Six ways to speed up Yum on Fedora

摘自: www.freesoftwaremagazine.com  被阅读次数: 104


yangyi 于 2009-07-03 23:03:49 提供


I’ve been using Fedora (Core and all) on and off for a few years now and its parsimonious attitudes to codecs notwithstanding, the thing that always reduces me to a whimpering, pleading wreck is watching Yum installing a piece of software. I can forgive its tendency to handhold and even to confabulate, but Yum moves with all the speed of a treacle flow at the North Pole. Apt-get has already done its stuff and gone home for tea but Yum is still setting the table and polishing the silver. Once you’ve used Yum for a while you will know why it puts the V in verbose. Is there anyway to get this package manager off the sofa and into the gym for some serious exercise?

It’s not the hardware

Once you’ve used Yum for a while you will know why it puts the V in verbose

“Bet you’re running Fedora on a computer that was being used when the Dinosaurs roamed the Earth, mate?”, you say; well, yes and no.

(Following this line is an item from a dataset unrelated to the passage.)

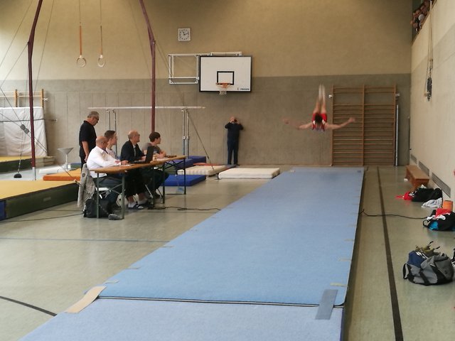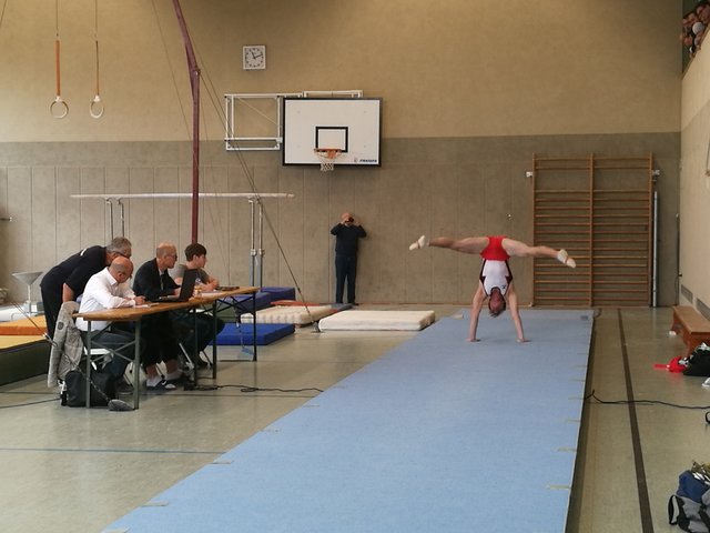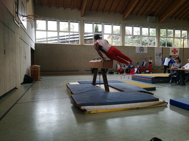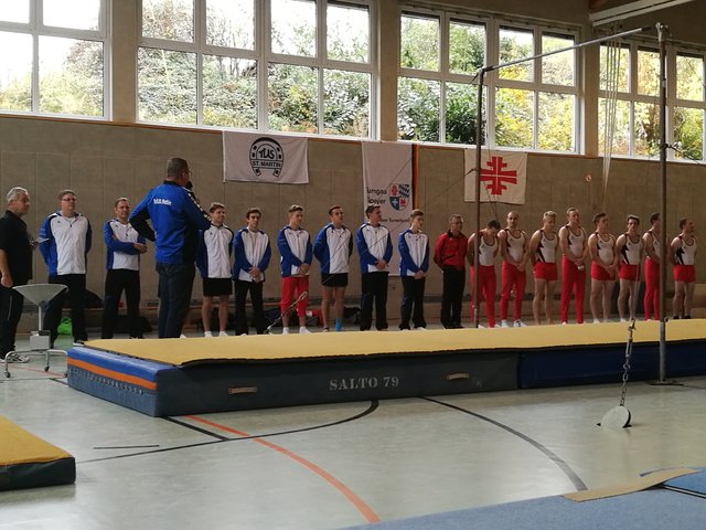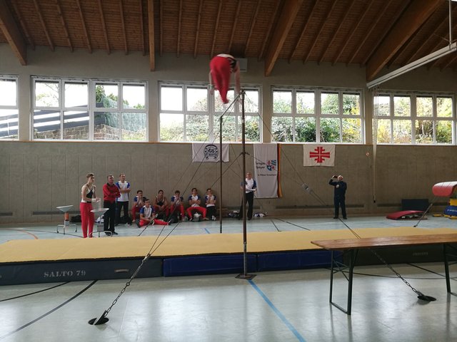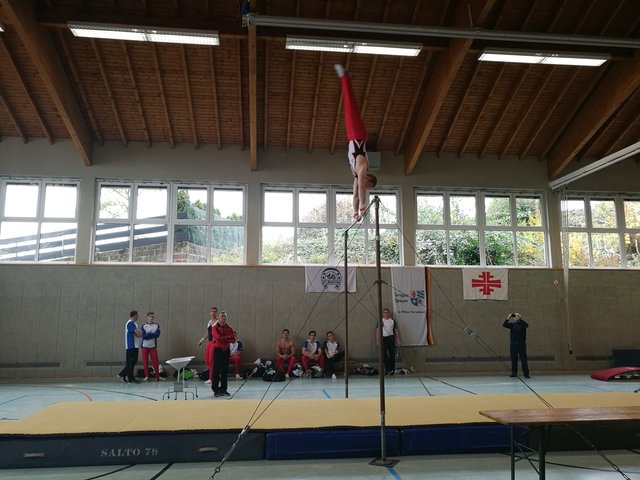Der letzte Ligawettkampf stand für unsere Jungs am 04. November gegen das Team Speyergau vor der Tür. Bereits um 8.00 Uhr hat die Reise von Ramstein nach St. Martin begonnen. Nach dem Einturnen an allen Geräten, starteten wir pünktlich um 11.00 Uhr mit dem Boden. Mit jeweils 11,10 Punkten konnten Daniel Eichhorn und Nick Leßmeister einen guten Start für die Sickinger Turner am Boden erhaschen. Auch Gerald Heil konnte eine sturzfreie Bodenübung und sammelte wichtige Punkte für das TTS. Leider mussten wir den Boden um 0,4 Punkte an das Team Speyergau abgeben. Nun ging es weiter zu dem allseits verpönten Pauschenpferd. Hier legte unser Team vor. Begonnen hat Achim Wätzold mit einer sauberen Pauschenpferdübung. Ziel ist es möglichst ohne Sturz das Gerät zu beenden. Auch Julius gelingt es eine Übung durch zu turnen. Leider mussten wir danach bei Daniel wegen eines Sturzes den Joker ziehen. Nick Leßmeister konnte uns die verlorenen Punkte wieder einturnen und wir gewannen das Pauschenpferd mit insgesamt 30,2 Punkten für uns. Mit einer spektakulären Ringeübung konnte Gerald Heil mit 11,9 Punkten die nächsten wichtigen Punkte auf unser Punktekonto bringen. Mit zwei soliden Übungen von Nick Leßmeister und Achim Wätzold konnten wir auch dieses Gerät für uns entscheiden. Der Zwischenstand nach drei geturnten Geräten liegt bei 96,05 Punkten für unser Turn-Team Sickingen und das Team Speyergau erturnte sich 90 Punkten. Nach dem Einturnen an Sprung, Barren und Reck ging es auch direkt wieder in die Vollen. Den Sprung mussten wir leider an die Heimmannschaft abgeben. Weiter ging es mit einem starken Gerät unserer Turner, dem Barren. Michael Junker begann für das Turn-Team und sicherte sich gute Punkte, leider musste Achim beim Abgang einen Sturz in Kauf nehmen. Vor dem letzten Gerät führte das Turn-Team Sickingen mit 0,9 Punkten. Nun geht es an das Paradegerät im männlichen Gerätturnen dem Reck. Leider mussten unsere Jungs hier viele Punkte liegen lassen. Am Ende war es ein knapper Kampf zwischen dem Speyergau und dem Sickingergau. Am Ende hatten leider die Speyrer die Nase vorne und entschieden das Treffen mit 190,70 Punkten gegen 185,55 Punkten für sich. Dennoch sind wir froh, dass die Mannschaft um Julius Braun, Michael Junker, Sebastian Müller, Nick Leßmeister, Achim Wätzold, Erik Ullmert, Dominik Scherer, Daniel Eichhorn, Lukas Eichhorn und Gerald Heil zu einem sensationellen Team aus mehreren Vereinen zusammengewachsen sind. Alles in allem war die Liga eine großartige Idee der Initiatoren und wir hoffen, dass wir nächstes Jahr die Möglichkeit haben erneut anzugreifen.

My ancient machine with a hobbled 400MHZ Celeron processor ran Fedora Core 5 (just) so you might have a point, but I did not notice any huge improvement in speed when I installed later versions of Fedora on more powerful desktops and laptops with processors in the 2.6MHZ range. I fell for the advertising hype every time. Yum, they said, is faster than ever. Go on, Install Fedora and see it run! I did. I didn’t get a rampaging Tiger; I got a beached Whale. Hardware bottleneck? I don’t think so. After all, I had been using distros with Apt-get for years on a variety of machine speeds, and it always did what it said on the tin, but Yum seemed to breach the Trades Descriptions Act. Judged on speed alone I have yet to see anything that can match Apt-get. So, what can we do to make Yum a contender instead of riding a one way ticket to Polookaville?

Don’t use a GUI for Yum?

I am always looking for front ends to command line tools, especially package managers. You sacrifice granularity and potential problem solving to be sure, but you gain ease of use and relative transparency — and with front ends like Synaptic you are not disappointed. There is little by way of a speed hit. As it should be. Yum is a different matter. Install and fire up Kyum or Yumex and you have two very fine-looking and featureful GUIs for Yum but both have reduced me to a state of catatonic paralysis by their plodding slowness—especially Yumex. I know checking transactions and keys are important but these front ends seem to slow even this. Even Packagekit, the new frontend for Yum since Fedora 9, is no Olympic sprint champion either. Yes, if you use Yum on the command line you will need to memorize some stuff, but believe me, after you have almost lost the will to live watching Kyum, and particularly Yumex, grind out a simple install, you will think committing some commands to memory a small price to pay to avoid install rage.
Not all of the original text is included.